The paper introduces a concept we call the Emissions, Temperature, Uncertainty (ETU) framework.The ETU framework allows any country to understand its national and near-term mitigation and adaptation efforts in a more realistic context, where uncertainty is taken into account.

The ETU assumes that cumulative emissions can be constrained over time by international agreements that are binding, but that emissions can be estimated only imprecisely, and whether or not they will achieve an agreed temperature target  is also uncertain. The ETU framework allows policymakers to understand diagnostic and prognostic uncertainty so that they can make more educated (precautionary) decisions for reducing emissions given an agreed future temperature target.

Diagnostic uncertainty refers to the uncertainty contained in current inventoried emission estimates and relates to the risk that true greenhouse gas emissions are greater than inventoried emission estimates. Prognostic uncertainty refers to cumulative emissions between a start year and a future target year and the global average temperature increase they would generate. It relates to the risk that an agreed temperature target is exceeded. In a nutshell, the ETU framework can be used to monitor a country’s performance – that is, past achievements as well as projected achievements – in complying with a future warming target in a quantified uncertainty-risk context.

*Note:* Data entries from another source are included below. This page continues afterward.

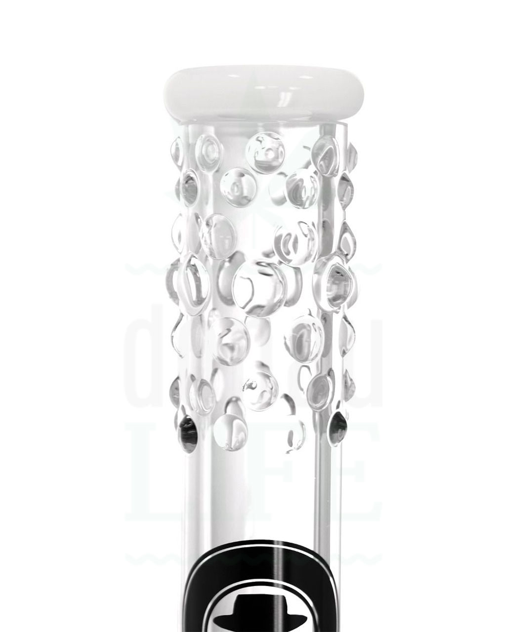 Kickloch mit Verschlusstopfen – Dieses bietet den Vorteil, dass das Köpfchen zum Hitten nicht angehoben werden muss und vereinfacht das reinigen und trocknen der Bong nach der Benutzung. Um die Finger beim Rauchen sauber zu behalten und die Reinigung der Bong noch einfacher zu gestalten, ist bei der Lieferung ein Kicklochstutzen aus Silikon enthalten.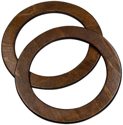 Runde Taschengriffe zum Annähen für Tragetaschen, Handtaschen, Shopper, Bastelarbeiten und vieles mehr, verleihen Ihrer Handarbeit die persönliche Note. Farbe: braun. Material: Holz. Größe: 13,5 cm Ø. Inhalt: 1 Paar.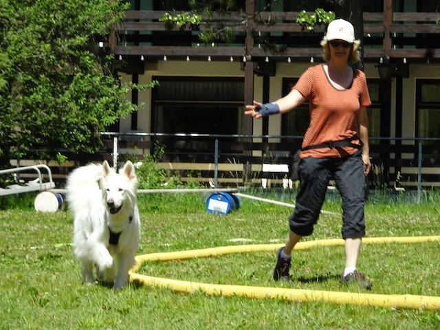 Am dritten Tag ging es wieder um Körpersprache. Wir durften/mussten Longieren ausprobieren. Zuerst mussten die Zweibeiner ohne uns Hunde üben. Also irgendwie sah das alles schon seltsam aus - da habe ich mir schon überlegt, was das bloss wieder sein soll...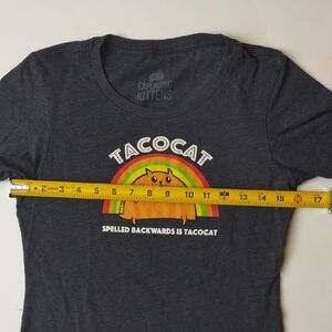 Dark gray tee featuring a colorful Tacocat graphic from Exploding Kittens.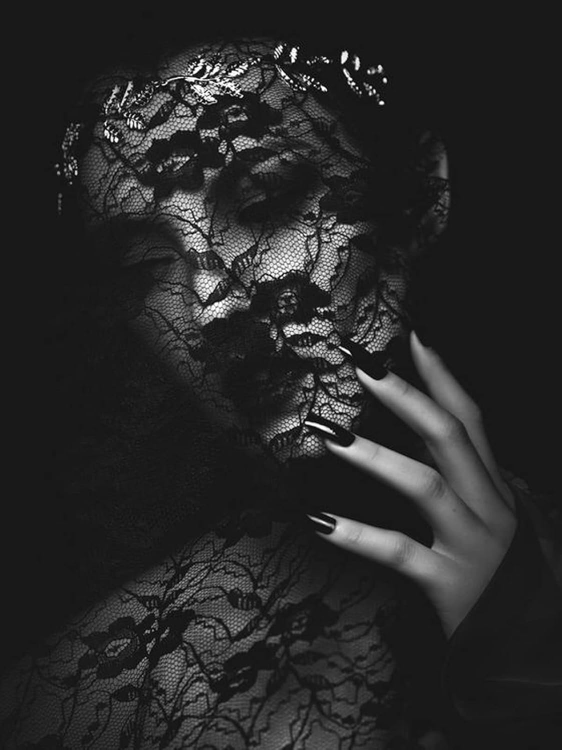 Covers the entire face—including eyes, nose, mouth, and chin—and extends toward the neck for a faceless, mysterious effect.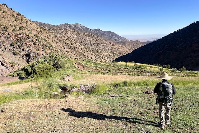 Randonnée en direction du beau village rouge de Rouguelt. Déjeuner pique-nique. Continuation par l'Assif N'Wagga, joli vallon encaissé caractérisé par sa forêt dense de genévriers thurifères, poursuite jusqu’aux bergeries d’altitude. Installation du bivouac à proximité d’une source à 2600m.

While our study addresses whether or not the future increase in global temperature can be kept below 2, 3, or 4ºC targets, its primary aim is to use those targets to demonstrate the relevance of both diagnostic and prognostic uncertainty.   The paper shows:

  • Uncertainty is important in emissions: Both diagnostic and prognostic uncertainty need to be considered to facilitate better decisions on reducing emissions, given an agreed future temperature target.
  • What these risks mean for emissions targets: We find, for example, that to nullify the diagnostic uncertainty-related risk, and to maintain a similar level of risk for exceeding a 2o target, the universally valid per-capita emissions target for 2050 resulting from the underlying cumulative emissions constraint needs to be shifted downward by nearly 10%.
  • Risk and uncertainty are interdependent: This interdependence poses a challenge for decision-makers because they have to deal with uncertainty and risk simultaneously.
  • Including land-use change is tricky: Determining cumulative emissions from land use and land-use change in this emission-temperature setting is difficult, because an achievable future state of sustainability for the terrestrial biosphere has not yet been defined.

Reference
Matthias Jonas, Gregg Marland, Volker Krey, Fabian Wagner, Zbigniew Nahorski (2014).  Uncertainty in an emissions-constrained world. Climatic Change. April 2014. http://link.springer.com/article/10.1007/s10584-014-1103-6

Note: This article gives the views of the author, and not the position of the Nexus blog, nor of the International Institute for Applied Systems Analysis.